Since 1996, Glyadyelov has concentrated on two long-term documentary photography projects in the Ukraine: socially abused children, and the HIV/AIDS epidemic among intravenous drug users.
In 2001, working with the humanitarian organization Doctors Without Borders, Glyadyelov began the project Without the Mask about the Tuberculosis epidemic in Russian prisons.
He was awarded the Grand-Prix of Ukrpressphoto-97, Hasselblad Prize at the European Photography contest in Vevey (Switzerland) in 1998, and Mother-Jones International Fund 2001.
Glyadyelov's photography has been used by international organizations such as Doctors Without Borders, UNAIDS, and UNICEF.
On a dark, fall evening in 1996, I stood with a group of street kids—three boys and two girls—in front of an expensive shop. I’d met the girls the previous summer. I’d met the boys several days earlier. Two of the boys were brothers and, together with their friend, had been living on the street for two years, preferring it to life with their alcoholic parents. They’d promised to show me the place where they spent their nights. Out of the blue, one of the boys, Serezha, asked me: “Uncle Sasha, how old are you?”
“I’m 40 years-old,” I replied.
He thought a bit, then said: “You had already been in this world for thirty years when I entered it.”
With my voice suddenly weak, I asked them: “And how has this world treated you?”
“Bad,” they said at once.
Struggling to find the right words, I continued: “Well, would it be better not to live in this world?”
“It’s probably better to live,” said Serezha, after a moment of contemplation. Everyone agreed.

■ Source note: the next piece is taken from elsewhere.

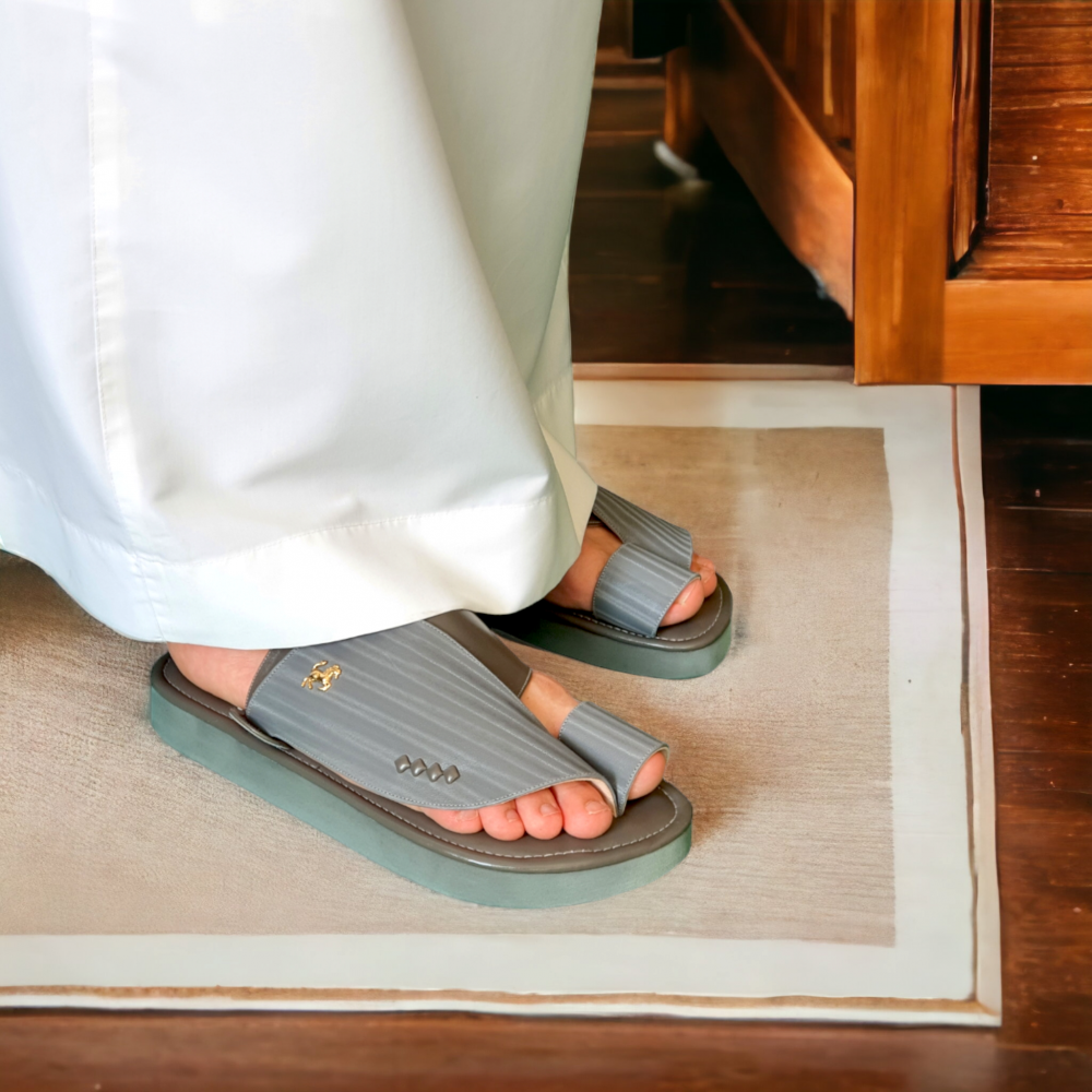 حذاء شرقي أنيق بلون رصاصي بنقشة فاخرة، مصنوع من جلد طبيعي بالكامل، ارتفاع دبل من الربر لراحة مثالية، دعسة ميموري فوم لينة، تصميم زبيري وطني بجودة عالية.

“Sometimes life can be interesting,” explained nine-year-old Sasha, and spat on the ground. Everyone agreed again.
I photographed the children over the next month until, without warning, they changed sleeping quarters, and I lost them. I would meet them again two years later, only to lose them after three days.
The first images of this project were taken six years ago and I still can’t decide when it will be complete. Some of the prints are spontaneous; others are the result of endless research. The rest are the product of long-lasting, trusting relationships with the children.

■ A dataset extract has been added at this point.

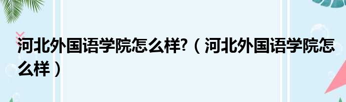 河北外國語學院怎么樣?(河北外國語學院怎么樣)

The endless poverty experienced by the majority of the Ukranian population is humiliating and many are forced to survive in degrading ways. It pushes kids out of their homes onto the streets where they spend their days searching for a crust of bread, and their nights looking for a place to sleep. Some prefer the violence of the streets to homes filled with alcohol and drugs. Even kids as young as three and four end up on the streets.
Basements and begging, small thefts and underground heating pipes, alcohol and violence (often sexual), sniffing synthetic glue, drugs, cruel treatment by the police—these are inevitable parts of the daily struggle. Kids disappear; others take their place—each less trusting and more desperate than the next.
The government views these children as statistics, but when I look through my viewfinder I see the individual. The children in these pictures are not living a normal life; it is a life without happiness, so there is no happiness in my pictures.